We identify $P(x)=1/x$ and $Q(x)=2e^x$. The integrating factor is
\begin{dmath*}
  \mu(x) = \mbox{exp}\[\int \frac{1}{x} \, dx \] = e^{\ln x} = x.
\end{dmath*}
Then,
\begin{dmath}
  \label{linearex}
  \dd{}{x} \(x y \) = 2 x e^x,
\end{dmath}
integrating this gives
\begin{dmath}
  x y = \int 2 x e^x \, dx.
\end{dmath}
From the formula (equation~\eqref{linearf}), we have
\begin{dmath}
  \label{linearexx}
  y = \frac{\int \mu Q \, dx + C}{\mu} = \frac{\int 2 x e^x \, dx + C}{x}.
\end{dmath}
To solve this, we use integration by parts. That is,
$\int u \, dv = uv - \int v\,  du$. We choose $u=x$ and $dv = e^x \, dx$, so
$du = dx$, and $v=e^x$. Thus,
\begin{dmath*}
  \int x e^x \,dx 
  = x e^x - \int e^x \,dx 
  = x e^x - e^x.
\end{dmath*}
Putting this into equation~\eqref{linearexx} yields
\begin{dmath*}
  y = 2 e^x \(1 - \frac{1}{x}\) + \frac{C}{x}. \qed
\end{dmath*}
If we had been provided with initial conditions, we would now use them
to determine the value of $C$.


% TODO: show how they can check this?



\section{Equations that can be solved via substitution}

Sometimes it is possible to make a substitution to transform a
differential equation into something that we already know how to
solve.  For example, the integrating factor technique transforms
linear equations into separable equations.

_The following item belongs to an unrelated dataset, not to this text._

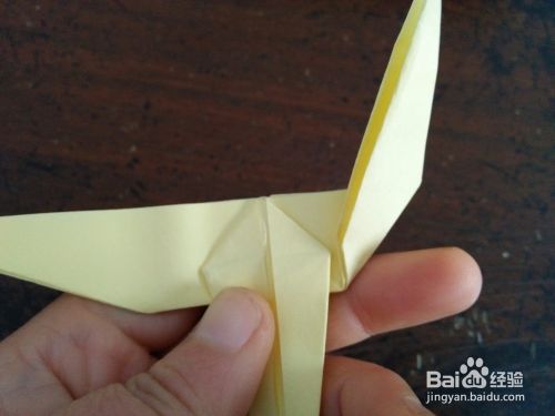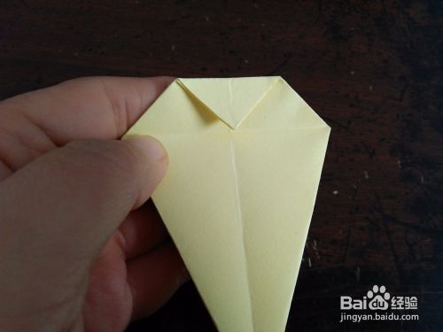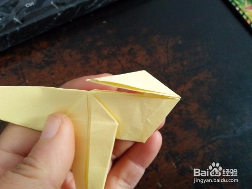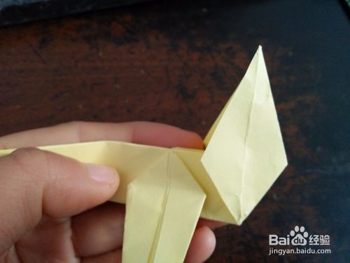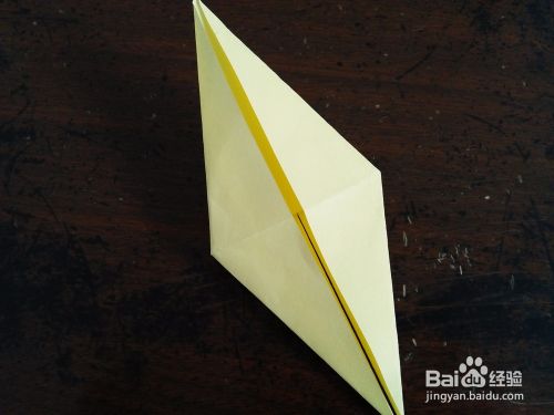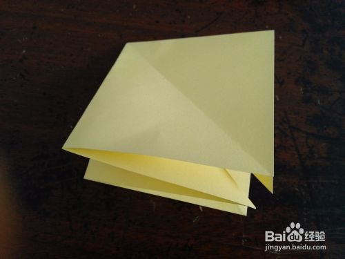 然后从中间对折,然后把右侧的角向上折。然后打开按照折痕折成图四的样子。
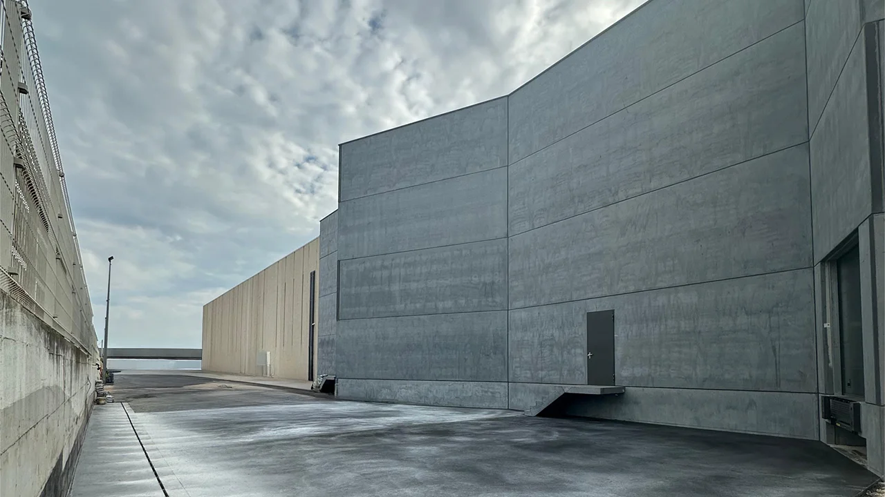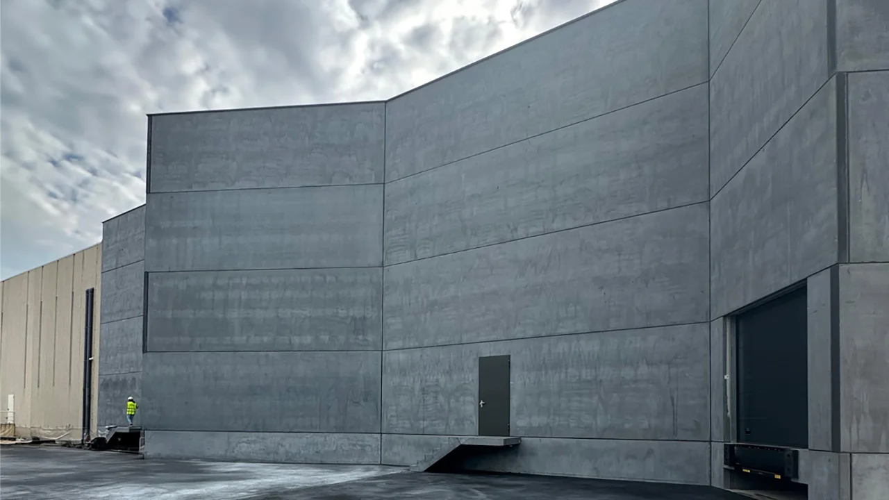 Supply of prefabricated reinforced concrete structure, including pigmented façade panels and prestressed concrete beams.

This can be a very powerful
technique. Unfortunately, each type of equation needs its own
particular substitution and this makes substitution not as straight
forward as other techniques. 

The most important examples of substitution are linear, homogeneous,
and Bernoulli equations. We also consider two other types of equations
that can be solved by substitution, which are shown in the flow chart in
Figure~\ref{fig:first_order_flow_shar}.

\subsubsection{Homogeneous Equations}
\begin{dmath*}
  \boxed{\dd{y}{x} = f\(\frac{y}{x}\)}.
\end{dmath*}
We solve this by substituting $v=y/x$, so that
\begin{dmath*}[compact]
  \dd{y}{x} = v + x \dd{v}{x},
  \quad \implies \quad
  v + x \dd{v}{x} = f(v),
\end{dmath*}
which can be written as the separable equation
\begin{dmath*}
\boxed{\dd{v}{x} = \frac{f(v) -v}{x}}.
\end{dmath*}

\noindent \emph{Example}:
\begin{dmath*}[compact]
  \dd{y}{x} = \frac{x}{y}, \mbox{ with } y(1) = 2.
\end{dmath*}
This is homogeneous, so let $v=y/x$, and then $f(v) = \frac{1}{v}$, so
\begin{dmath*}
  v + x \dd{v}{x} = \frac{1}{v}.
\end{dmath*}
The equation is now separable:
\begin{dmath*}
  \frac{1}{\frac{1}{v} -v} \, dv = \frac{1}{x}\, dx.
\end{dmath*}
Integrating both sides gives
\begin{dmath*}
  \int \frac{v}{1-v^2}dv = \int \frac{1}{x} \, dx.
\end{dmath*}
Let $u = 1-v^2$ to solve the integral:
\begin{dmath*}
  -\frac{1}{2} \int \frac{1}{u}du = \ln x+ \ln C
\end{dmath*}
which implies that
\begin{dmath*}
  \ln\(u\)=\ln\(1-v^2 \) = \ln \frac{C}{x^2}.
\end{dmath*}
In terms of $v$, we have
which implies that
\begin{dmath*}
  v = \pm \sqrt{1 - \frac{C}{x^2}}.
\end{dmath*}
Expressing this in terms of the original variable $y$ gives
\begin{dmath*}
  y = \pm x \sqrt{1 - \frac{C}{x^2}}.
\end{dmath*}
The initial condition is $y(1)=2$, so we choose the positive root, and
find $C$ by setting $x=1$, $y=2$, i.e.\
\begin{dmath*}
  2 = 1 \times \sqrt{1-C}
\end{dmath*}
so $C=-3$. The solution of the initial value problem is 
\begin{dmath*}
  y = x \sqrt{1 + \frac{3}{x^2}}.
\end{dmath*}

This would be a good one to check. Note that
\begin{dmath*}[compact]
  \dd{y}{x} 
  = \sqrt{1+\frac{3}{x^2}} - \frac{3/x^2}{\sqrt{1+\frac{3}{x^2}}}
  = \frac{1}{\sqrt{1+\frac{3}{x^2}}}
  = \frac{x}{y},
\end{dmath*}
so the solution is correct. \qed

\subsubsection{Bernoulli Equations}
Bernoulli equations are differential equations of the form
\begin{dmath*}
  \boxed{  \dd{y}{x} + P(x) y = Q(x)y^n}
\end{dmath*}
where $n$ can be an integer or a rational number. Note that if
$n=0$ or $n=1$, then this is just a linear equation.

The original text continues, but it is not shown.